▸ Stored records:
──────────
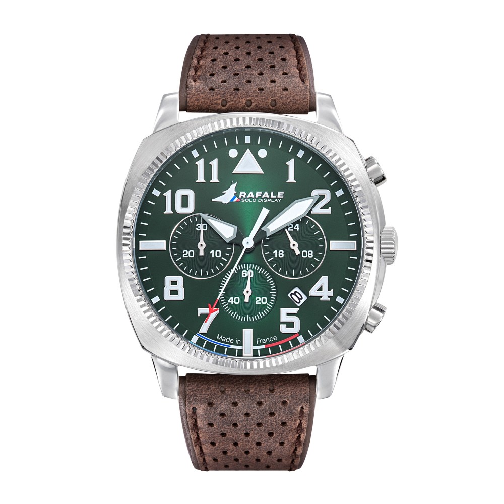 Cadran vert, bracelet cuir vachette marron
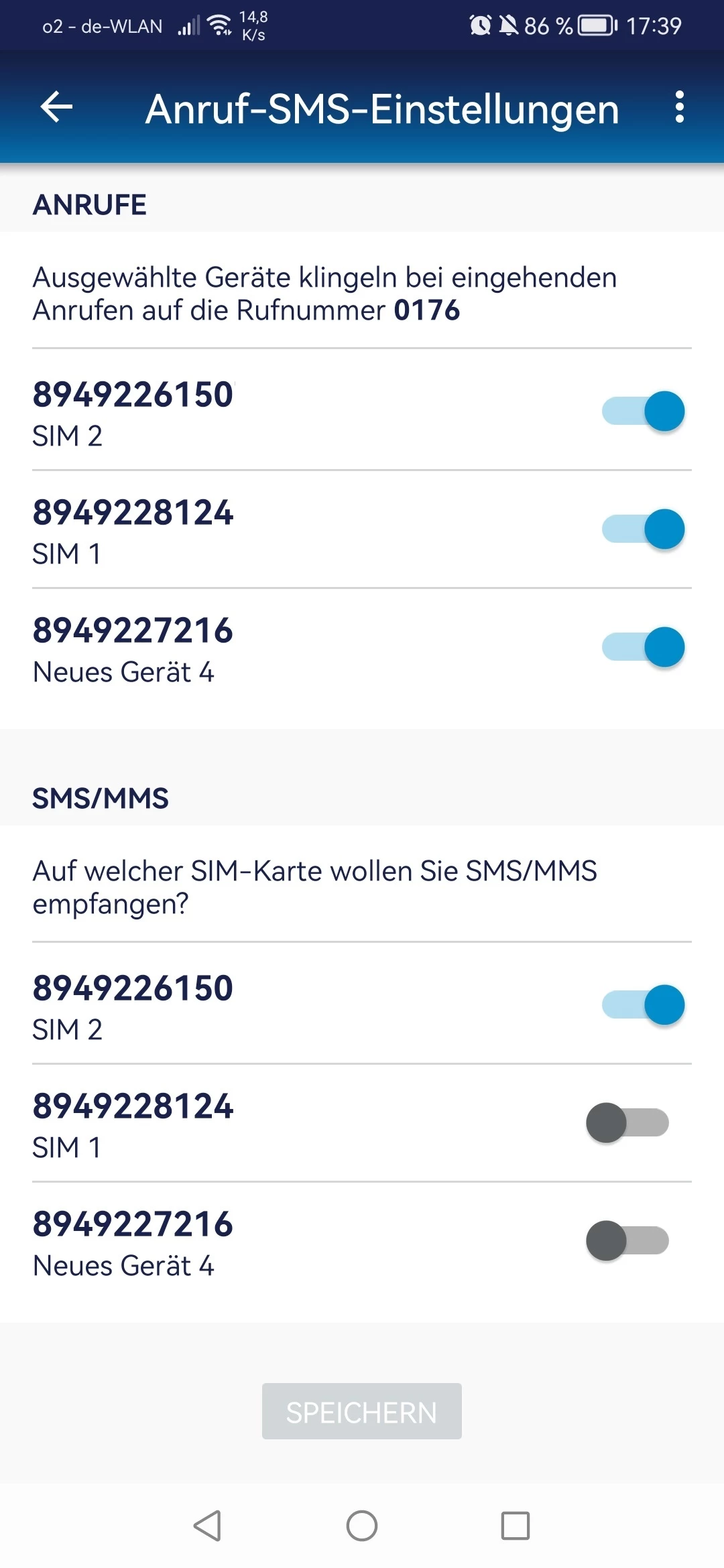 hast du eine Multicard für deinen Vertrag aktiviert und wenn ja, wie hast du die Einstellungen getroffen? Diese kannst du online in “Mein o2” oder auch in der Mein o2 App nachsehen und gegebenenfalls auch ändern. Wähle dazu den betreffenden Vertrag aus, dann SIM verwalten, anschließend wählst du die SIM-Karte aus, die du in dem Gerät nutzt, das du hauptsächlich verwendest, klickst auf “Anruf- und SMS-Einstellungen” und wählst über den Regler aus, welche deiner SIM-Karten die SMS empfangen soll. Bei SMS kann nur eine der SIM-Karten diese empfangen, daher ist es wichtig, dass die richtige Karte ausgewählt ist. So sieht es zum Beispiel in der Mein o2 App aus, wenn die die Multicard-Einstellungen aufrufst
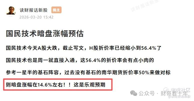 广合科技 $广合科技(01989)$ 今天首日上涨33.56%,飞速创新 $飞速创新(03355)$ 两大暗盘上涨44.47%-46.4%、国民技术 $国民技术(02701)$ 两大暗盘上涨8.33%-9.17%
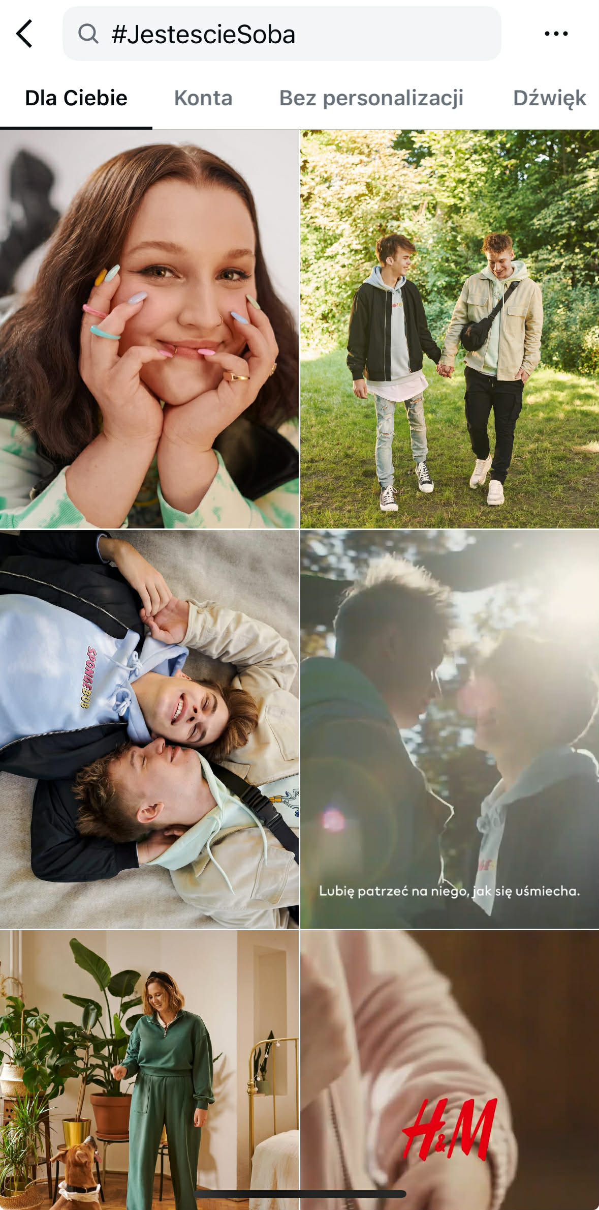 Influencerzy publikowali naturalne zdjęcia i krótkie materiały wideo, w których prezentowali stylizacje w swoim własnym klimacie – bez przesadnej ekspresji czy sztucznej narracji. Kampania skupiała się bardziej na emocji i przesłaniu niż na konkretnym produkcie. Efektem było wzmocnienie wizerunku H&M jako marki inkluzywnej i bliskiej codziennemu życiu odbiorców, a nie tylko sieci modowej pokazującej sezonowe trendy.
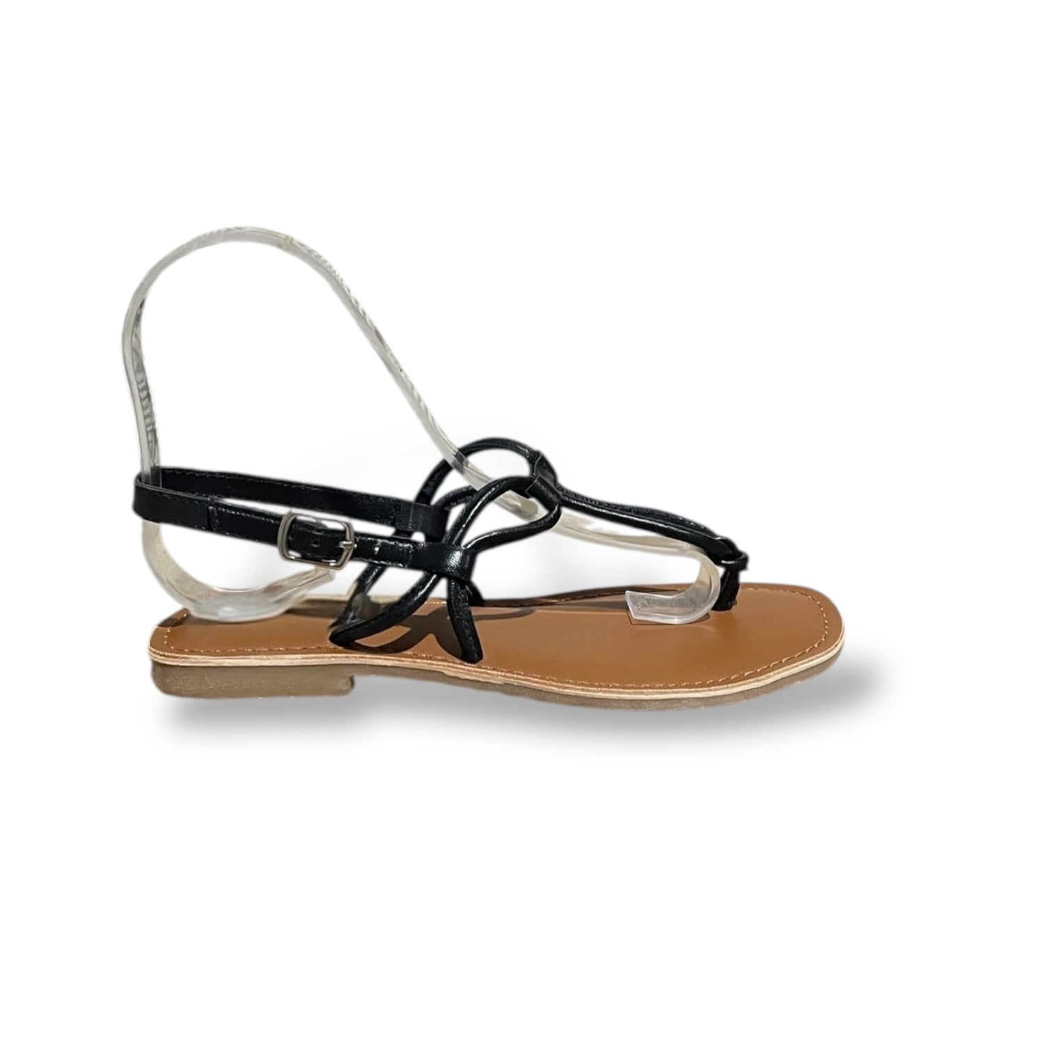 Sandalia plana con tiras negras plantilla de gel y forro de piel
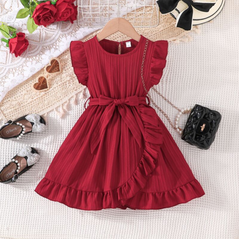 Wholesale 3-7Y Toddler Girls Solid Color Flying Sleeve
──────────
▸ Problem: Reproduce the final stretch of lines exactly: the line containing "Sandalia plana con" through the last line of the data, both included. Pictures do not belong in the copy.

▸ Result:
 Sandalia plana con tiras negras plantilla de gel y forro de piel
 Wholesale 3-7Y Toddler Girls Solid Color Flying Sleeve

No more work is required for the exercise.